### Instructions for the task
Set down exactly the lines below between the line holding "Цель работыформирование у" and the line holding "7: [sage] 2015/02/25(水)", inclusive; no other line belongs in the answer.

=== Records shown ===

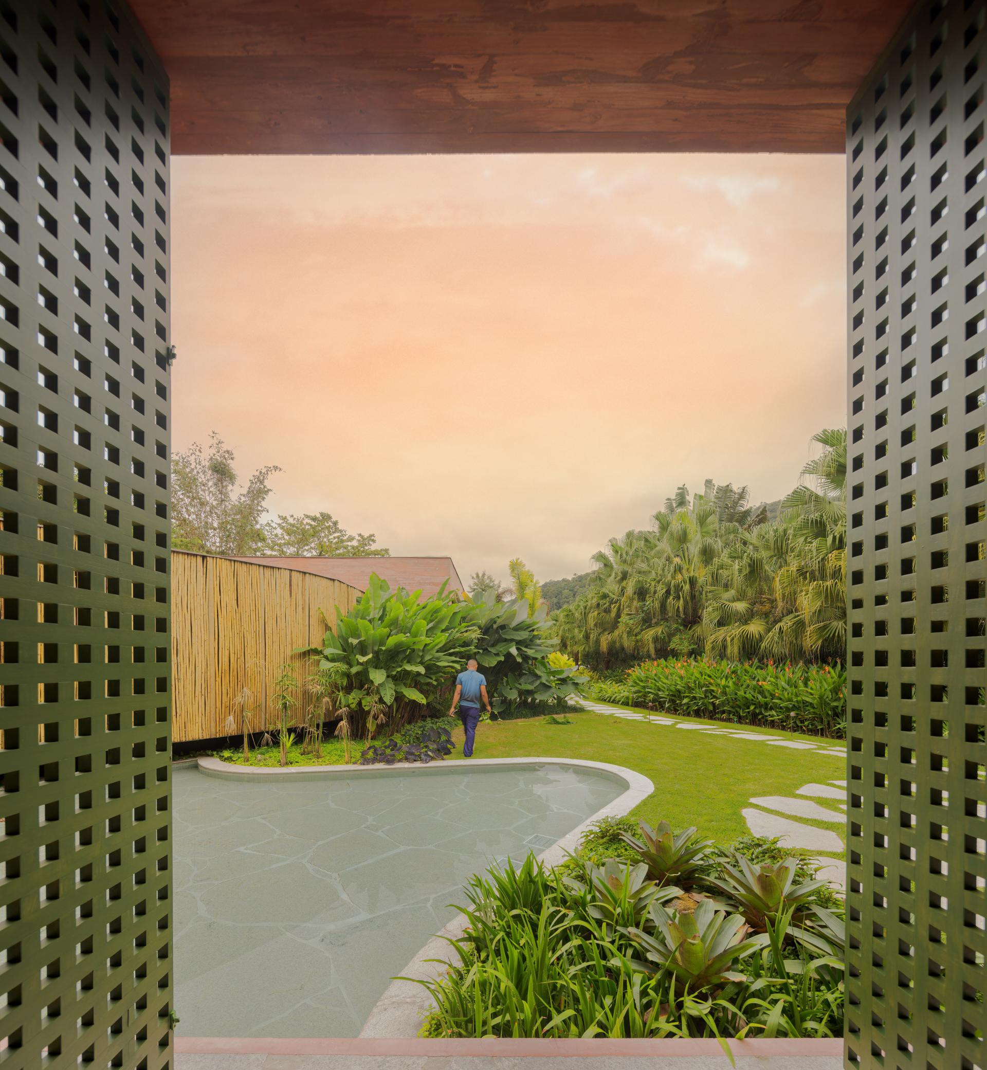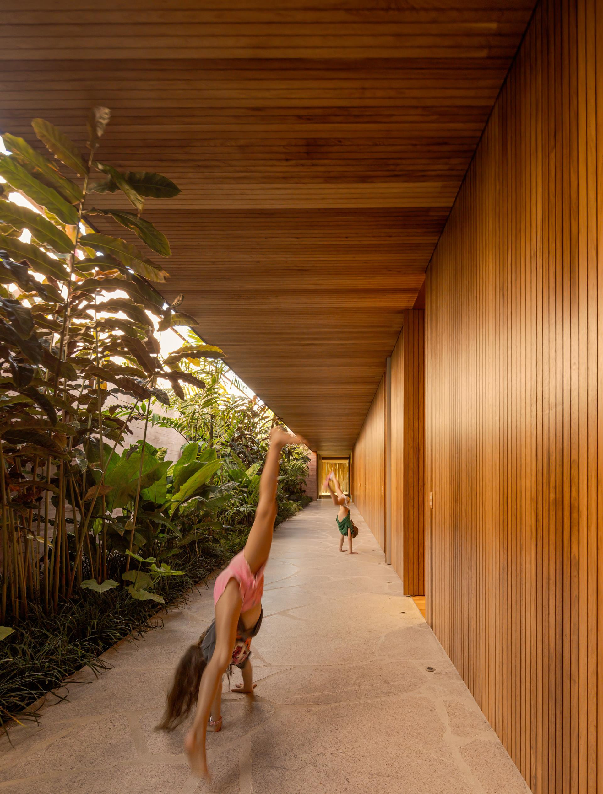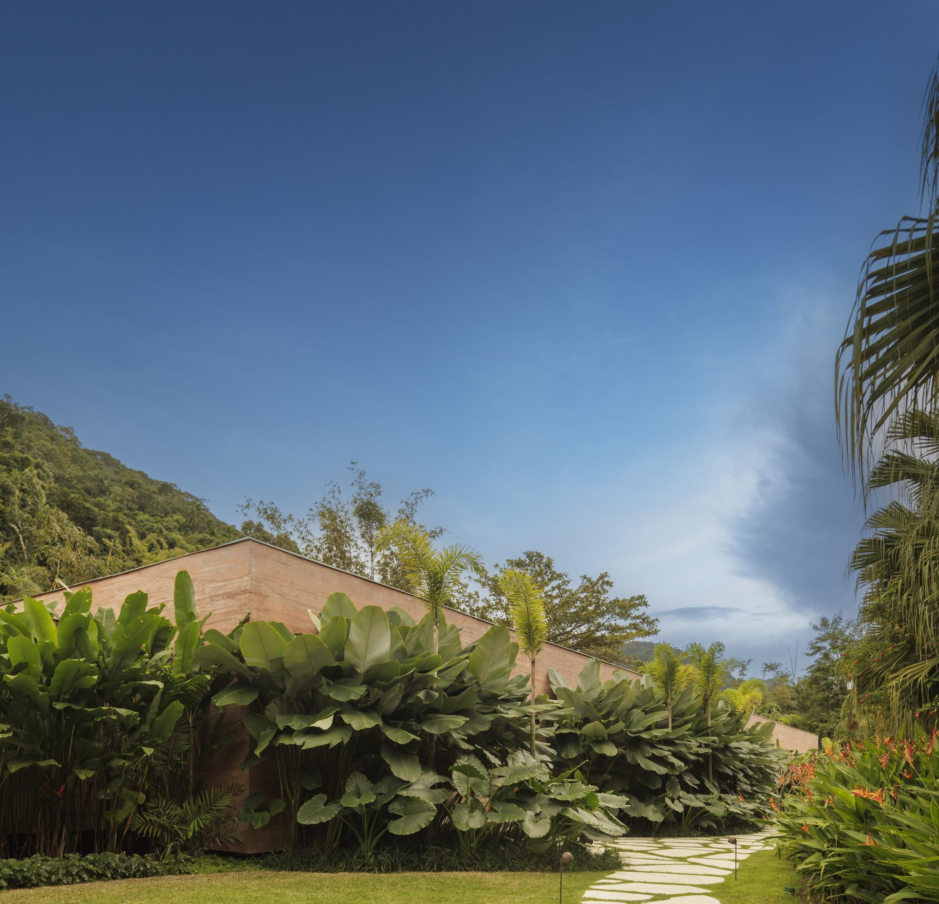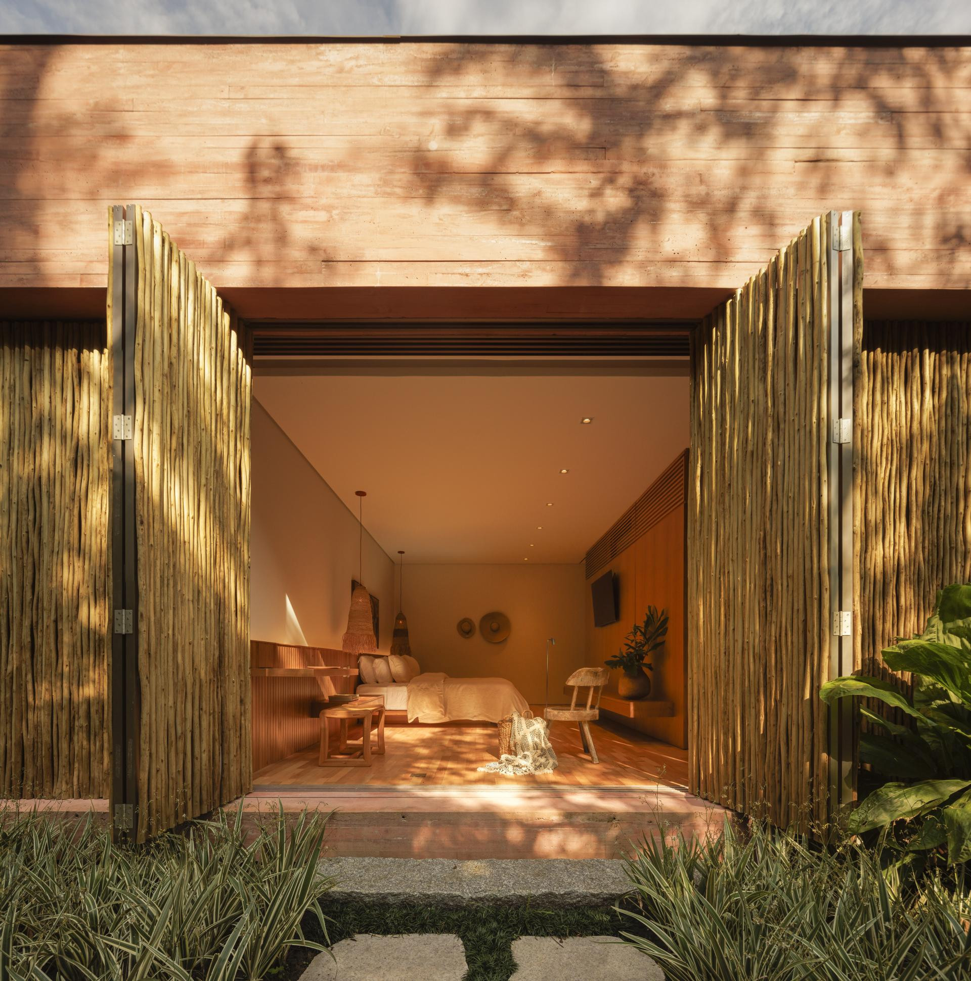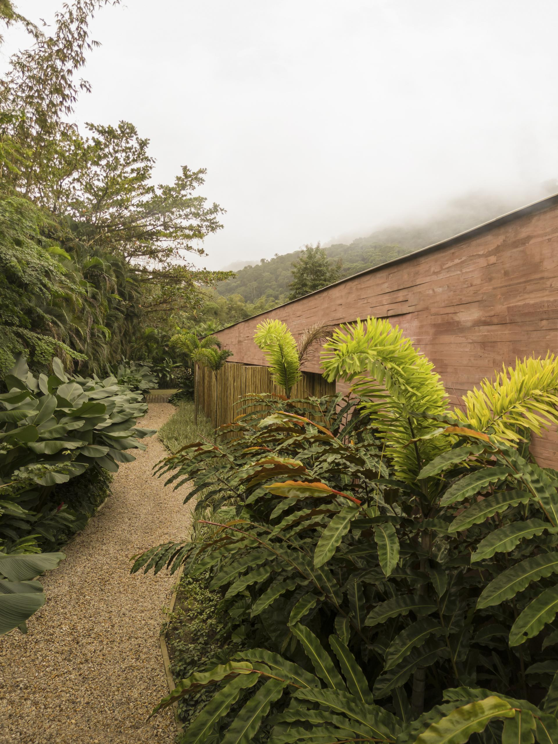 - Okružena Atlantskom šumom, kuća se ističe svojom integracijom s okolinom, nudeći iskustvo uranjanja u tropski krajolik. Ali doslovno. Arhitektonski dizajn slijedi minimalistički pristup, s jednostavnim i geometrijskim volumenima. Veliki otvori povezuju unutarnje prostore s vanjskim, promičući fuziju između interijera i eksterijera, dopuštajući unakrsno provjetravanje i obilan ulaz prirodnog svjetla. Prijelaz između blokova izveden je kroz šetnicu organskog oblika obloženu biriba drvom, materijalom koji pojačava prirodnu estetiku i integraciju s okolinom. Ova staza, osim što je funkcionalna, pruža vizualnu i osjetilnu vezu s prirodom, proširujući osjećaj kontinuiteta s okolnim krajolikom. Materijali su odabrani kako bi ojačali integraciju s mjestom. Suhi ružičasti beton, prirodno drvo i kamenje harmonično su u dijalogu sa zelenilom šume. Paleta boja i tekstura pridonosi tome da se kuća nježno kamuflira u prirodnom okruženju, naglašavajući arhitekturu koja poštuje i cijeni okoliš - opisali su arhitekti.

===
=== Records shown ===

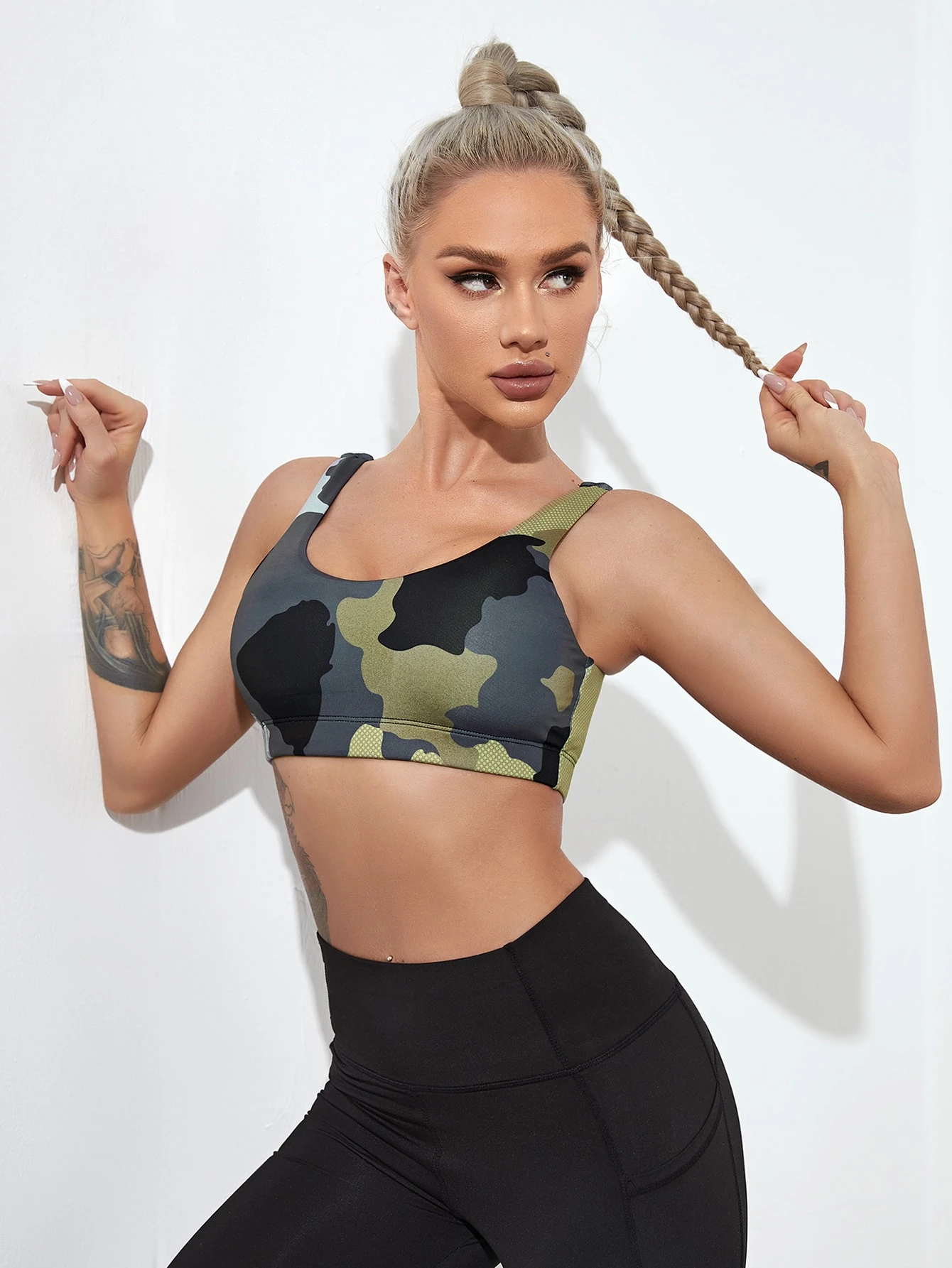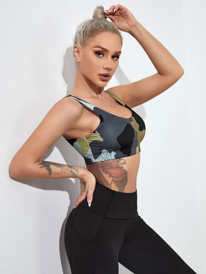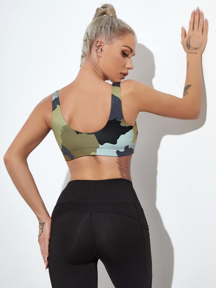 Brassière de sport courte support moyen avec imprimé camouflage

===
=== Records shown ===

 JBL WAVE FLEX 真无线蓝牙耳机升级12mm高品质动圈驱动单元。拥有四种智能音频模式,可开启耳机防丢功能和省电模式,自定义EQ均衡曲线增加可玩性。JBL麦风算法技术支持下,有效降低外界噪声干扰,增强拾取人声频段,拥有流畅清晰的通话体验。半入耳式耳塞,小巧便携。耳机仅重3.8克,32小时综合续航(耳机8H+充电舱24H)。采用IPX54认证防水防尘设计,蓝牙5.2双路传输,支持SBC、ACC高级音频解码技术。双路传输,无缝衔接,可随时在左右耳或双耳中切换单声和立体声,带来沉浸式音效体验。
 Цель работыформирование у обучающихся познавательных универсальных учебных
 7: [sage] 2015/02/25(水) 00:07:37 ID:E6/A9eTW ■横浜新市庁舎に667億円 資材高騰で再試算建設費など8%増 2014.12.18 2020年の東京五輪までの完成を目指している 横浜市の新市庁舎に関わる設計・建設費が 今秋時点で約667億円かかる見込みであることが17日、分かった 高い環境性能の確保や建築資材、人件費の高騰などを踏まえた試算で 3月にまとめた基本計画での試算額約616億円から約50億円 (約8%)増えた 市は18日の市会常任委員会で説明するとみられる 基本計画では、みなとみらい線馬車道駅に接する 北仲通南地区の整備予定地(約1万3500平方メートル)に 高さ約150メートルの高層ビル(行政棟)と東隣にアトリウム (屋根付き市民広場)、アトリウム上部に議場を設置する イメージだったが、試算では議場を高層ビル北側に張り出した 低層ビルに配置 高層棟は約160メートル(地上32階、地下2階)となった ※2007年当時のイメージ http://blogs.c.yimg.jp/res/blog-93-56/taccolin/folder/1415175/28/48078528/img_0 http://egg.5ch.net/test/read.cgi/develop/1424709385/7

===

### Written answer
 Цель работыформирование у обучающихся познавательных универсальных учебных
 7: [sage] 2015/02/25(水) 00:07:37 ID:E6/A9eTW ■横浜新市庁舎に667億円 資材高騰で再試算建設費など8%増 2014.12.18 2020年の東京五輪までの完成を目指している 横浜市の新市庁舎に関わる設計・建設費が 今秋時点で約667億円かかる見込みであることが17日、分かった 高い環境性能の確保や建築資材、人件費の高騰などを踏まえた試算で 3月にまとめた基本計画での試算額約616億円から約50億円 (約8%)増えた 市は18日の市会常任委員会で説明するとみられる 基本計画では、みなとみらい線馬車道駅に接する 北仲通南地区の整備予定地(約1万3500平方メートル)に 高さ約150メートルの高層ビル(行政棟)と東隣にアトリウム (屋根付き市民広場)、アトリウム上部に議場を設置する イメージだったが、試算では議場を高層ビル北側に張り出した 低層ビルに配置 高層棟は約160メートル(地上32階、地下2階)となった ※2007年当時のイメージ http://blogs.c.yimg.jp/res/blog-93-56/taccolin/folder/1415175/28/48078528/img_0 http://egg.5ch.net/test/read.cgi/develop/1424709385/7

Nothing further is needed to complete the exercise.